Friday, January 08, 2010

Reasons to be Cheerful, Part 4

That Punk would one day be the object of nostalgia would have been anathema to the sweaty, blood-spattered denizens of a late 1970's slam pit. Punk was about irreverence and irrelevance, in direct opposition to two of the core tenets of nostalgia. Still, with two new movies on punk icons hitting the screen, it's hard to deny there is some fond reminiscing going on.

The first, the documentary Let Fury Have the Hour, just reeks of nostalgia. As Bill Green, at make the logo bigger notes, it seems to miss the point that there was no point. It runs the risk of seeing meaning that simply wasn't there. Punk was never about changing the world, it was about changing your world.

The new Ian Dury biopic, Sex & Drugs & Rock & Roll seems to be more in the spirit of the times.

For a genre intent on breaking the rules, could there be a better front man than a 35-year-old cripple? Is there a better disguise for bitterness than humor? The brilliance of Dury's subversion is that most of it was subliminal. You had to listen between the lines.

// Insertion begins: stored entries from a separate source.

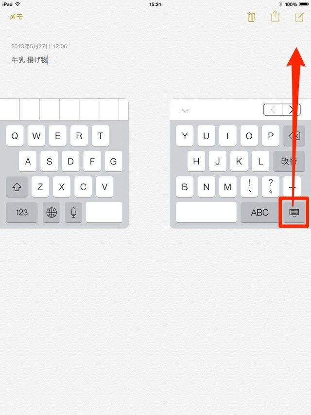 iPadのソフトウェアキーボードは画面下に表示されますが、実はこれ、動かすことが可能です。
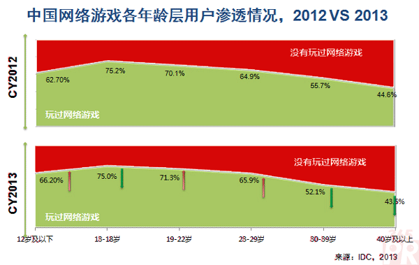 中國(guó)大互聯(lián)網(wǎng)是一個(gè)“娛樂(lè)至死”的微觀社會(huì)縮影,其在一定時(shí)間內(nèi)仍將處于娛樂(lè)與商務(wù)并行的階段。網(wǎng)絡(luò)游戲作為互聯(lián)網(wǎng)娛樂(lè)的典型應(yīng)用,其用戶遷移與發(fā)展路徑將成為商務(wù)類應(yīng)用發(fā)展的前奏。IDC基于2012-2013年對(duì)中國(guó)網(wǎng)絡(luò)游戲用戶的持續(xù)研究發(fā)現(xiàn),低齡用戶(12歲及以下)網(wǎng)絡(luò)游戲滲透率增幅較大,達(dá)到66.2%,而原有網(wǎng)絡(luò)游戲主力人群(30-39歲)滲透率降幅較大,僅為52%。從終端角度來(lái)看,盡管PC仍然是網(wǎng)絡(luò)游戲用戶主要使用的終端設(shè)備,但是19-39歲的網(wǎng)絡(luò)游戲用戶在手機(jī)及平板電腦上的游戲行為明顯增加,游戲的終端遷移將對(duì)網(wǎng)絡(luò)游戲開(kāi)發(fā)商及游戲市場(chǎng)本身產(chǎn)生影響。
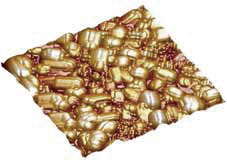 PTFE 표면에 있는 직경 50nm의 실리카 나노입자의 AFM 이미지.
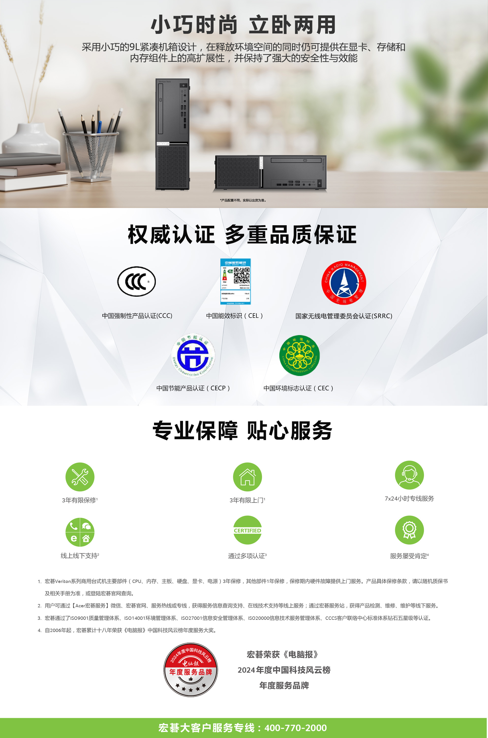 宏基Veriton B650,采用小巧的9L紧凑环保机箱设计,在释放环境空间的同时提供在显卡、存储和内存组件上的高扩展性,并保持了强大的安全性与效能。支持最新第13代英特尔®酷睿™ 处理器和B760芯片组,主板100%全固态电容,拥有10个USB接口和丰富PCI/PCIE扩展槽,可选M.2WI-FI网卡和蓝牙组件,适用于各种商务场景,提供高效超凡的性能表现。
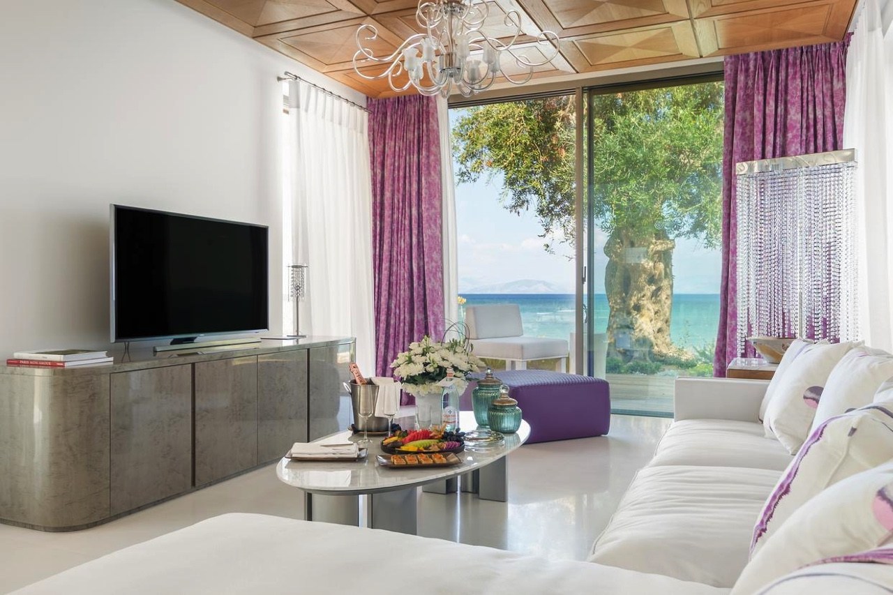 As the hotel is situated within only a 4-minute walk from Moraitika Beach, Domes Miramare allows for unobstructed sea views that can be enjoyed on its beautiful sun terrace. All of the rooms include a modern bathroom supplied with high-end toiletries. The Luxury Collection rooms also include a flat-screen TV and most often a cozy seating area. By choosing Domes Miramare, you’ll be giving yourself the chance to explore the culinary culture of Greece and Corfu in its exquisite restaurant, where trademark dishes of Greek cuisine are served in an elegant, gourmet setting.

I hope to see both films. I really want to like both, but suspect the Dury pic will do a better job of capturing the moment. The danger in looking back at popular culture is that you'll over analyze it. You risk seeing things in a context that did not exist at the time. Let Fury Have the Hour promises a lot of people saying what punk meant to them. The problem is, if you look at put and come away with any deep meaning, you're totally missing the point.